Davies's screenplay credits include Three Businessmen, in which she also appears briefly as an actress; and as a co-writer for the screenplay of the adaptation of Hunter S. Thompson's novel Fear and Loathing in Las Vegas. Although Davies's husband Alex Cox did not direct the project, the Writers Guild of America twice determined that their script be credited.

She is the producer of Three Businessmen and Revengers Tragedy, the founder of Toxteth TV, an educational/media studio for young people, based in Liverpool, and the editor/publisher of the online magazine, Exterminating Angel Press. In 2005, she was Artist in Residence at St John's College, Oxford, and is a member of the Senior Common Room there.

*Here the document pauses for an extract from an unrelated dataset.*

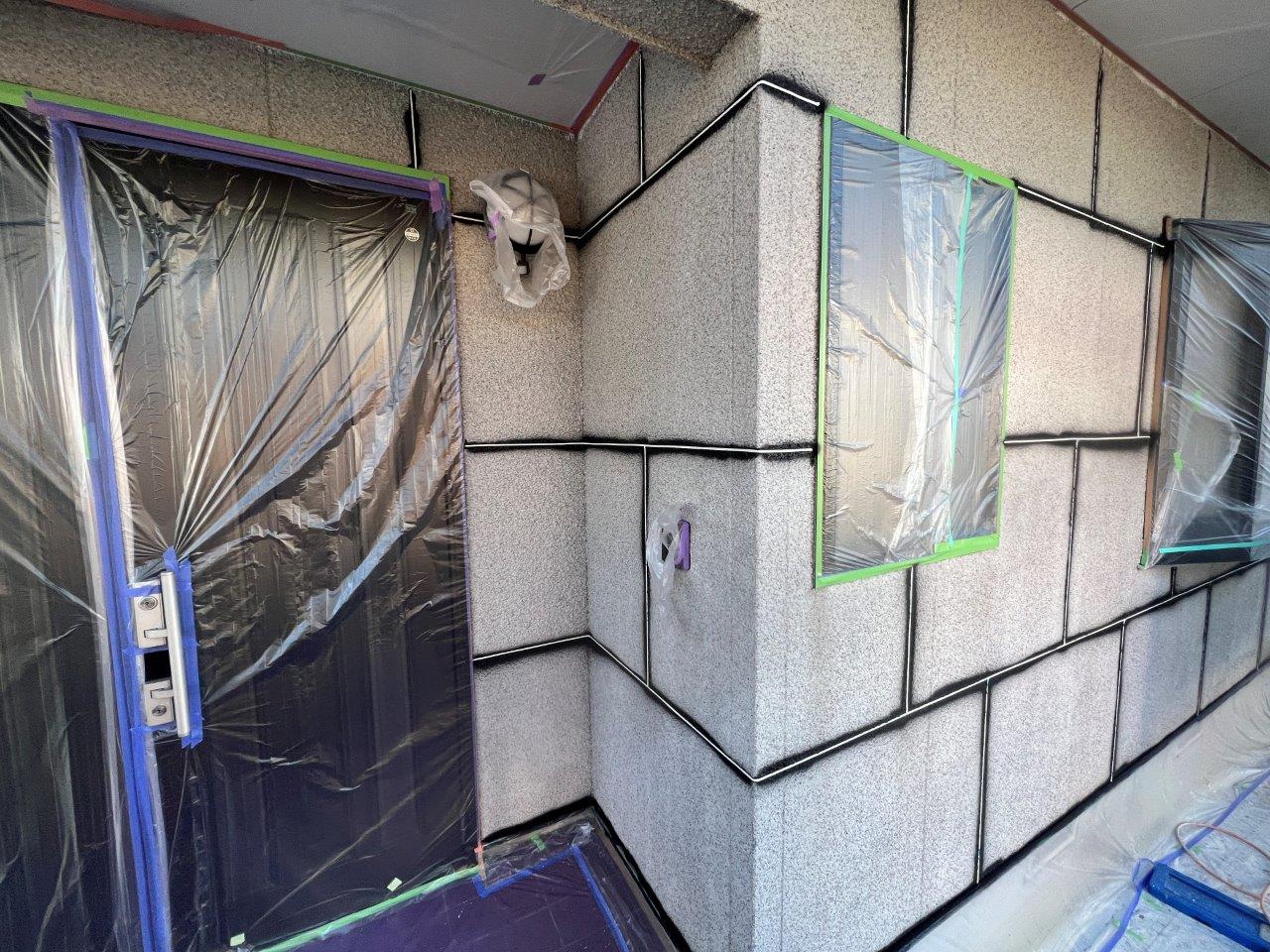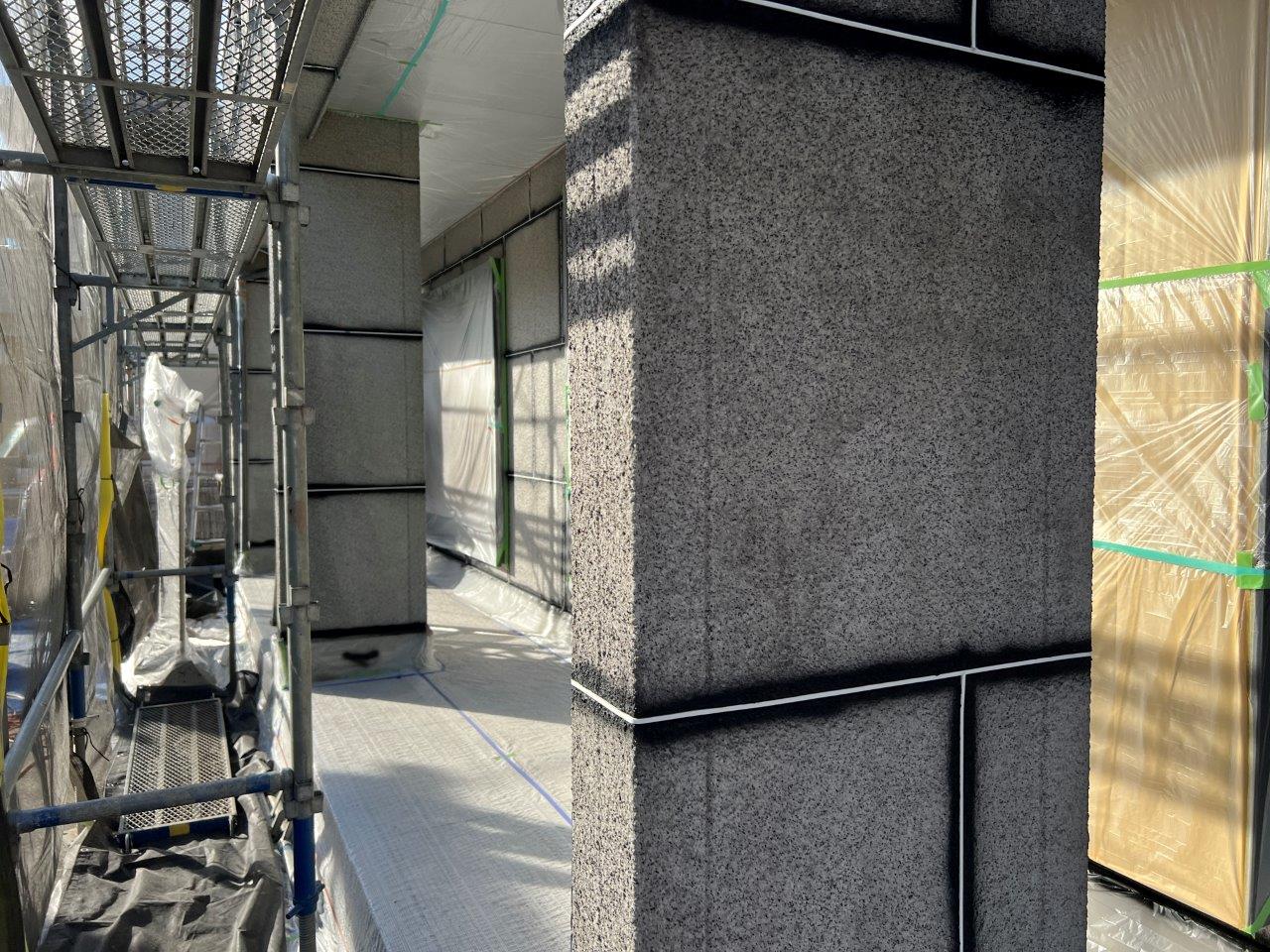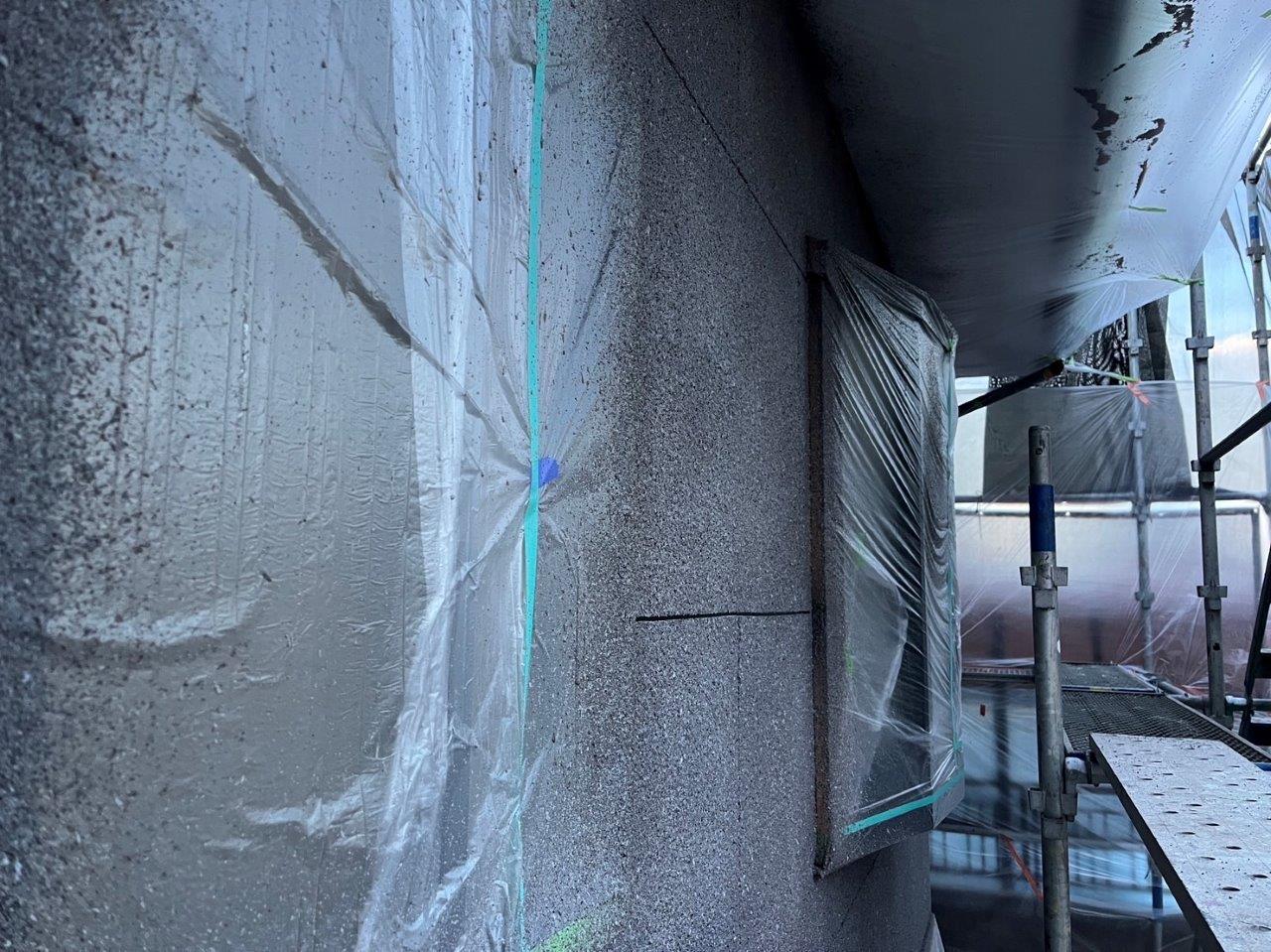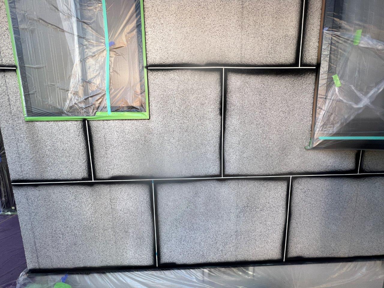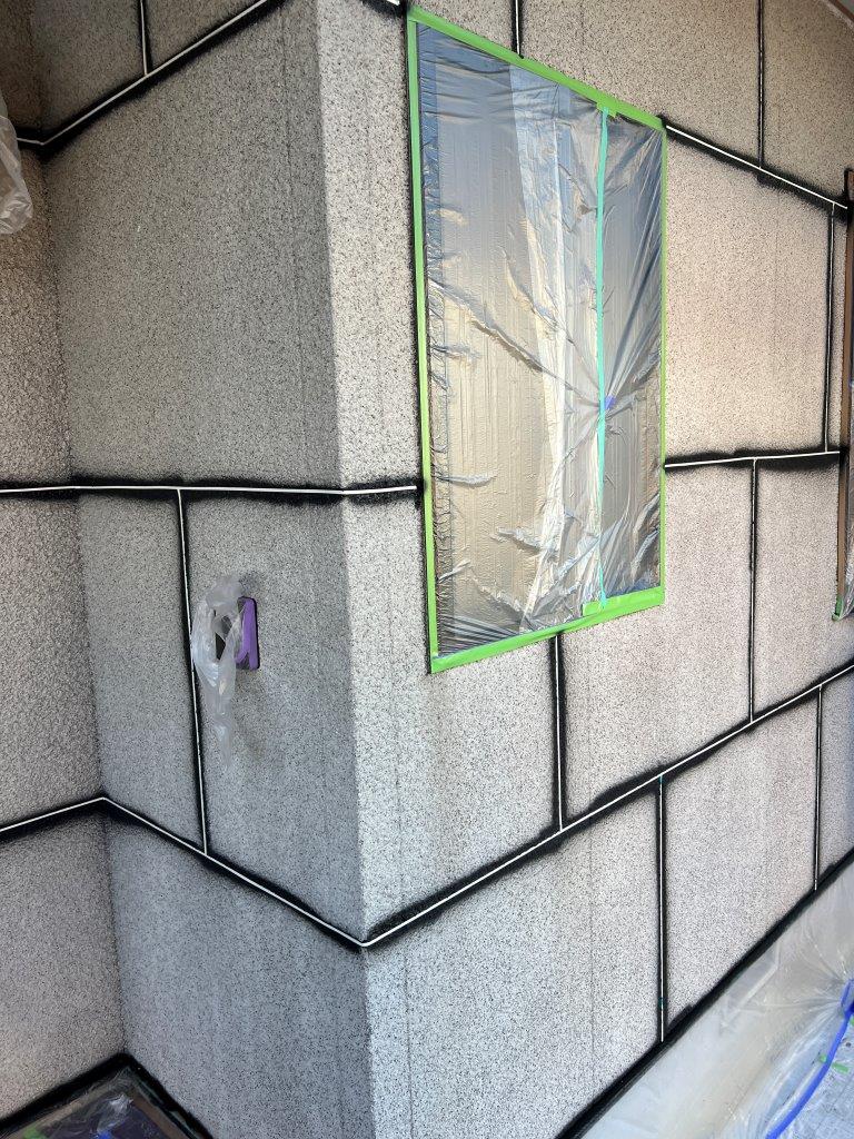 目地テープの剝がすタイミングも早過ぎてだめですし、遅すぎてもだめなので見計らってとります。早すぎると目地の回りについている石彫が剝がれたりします。遅いと目地テープの上についている石彫塗料が固まってしまい、取れななります。塗装は塗るだけではなくおういった下準備等の作業が多いです。乾燥後にはフッ素クリアー塗装して石彫をコーティングします。

In 2009, Exterminating Angel Press became an independent press and published three books including The Supergirls by Mike Madrid, and Jam Today, a cooking memoir & the first book by Davies.

Davies published her first book of fiction, Snotty Saves the Day: The History of Arcadia in 2011. The second book of her History of Arcadia series, Lily the Silent, was released in 2012, both through Exterminating Angel Press. Publishers Weekly described Lily the Silent as an "absorbing salute to the necessity and power of storytelling".

In 2014 she published her second book on cookery, Jam Today Too: The Revolution Will Not Be Catered, with 70 recipes and personal stories.

Davies is the wife of film director Alex Cox. She lives in Colestin, Oregon and Boulder, Colorado.

==Exterminating Angel Press==
Davies founded the independent book publisher, Exterminating Angel Press (EAP), which grew from an online art project started in 2005. EAP set out "to challenge the received cultural narrative". They also include stories that bring out values of partnership, nurturing and finding a consensus rather than having one dominant point of view. By the Fall of 2013 EAP had published 13 books. Davies launched an Indiegogo fundraising campaign to raise $7,500 to continue her publishing venture.

==Books by Davies==
- Jam Today: A Diary of Cooking With What You’ve Got by Tod Davies (September 2009).
- Snotty Saves the Day: The History of Arcadia by Tod Davies (April 2011).
- Lily the Silent: The History of Arcadia by Tod Davies and illustrated by Mike Madrid (October 2012).
- Jam Today Too: The Revolution Will Not Be Catered by Tod Davies (June 2014).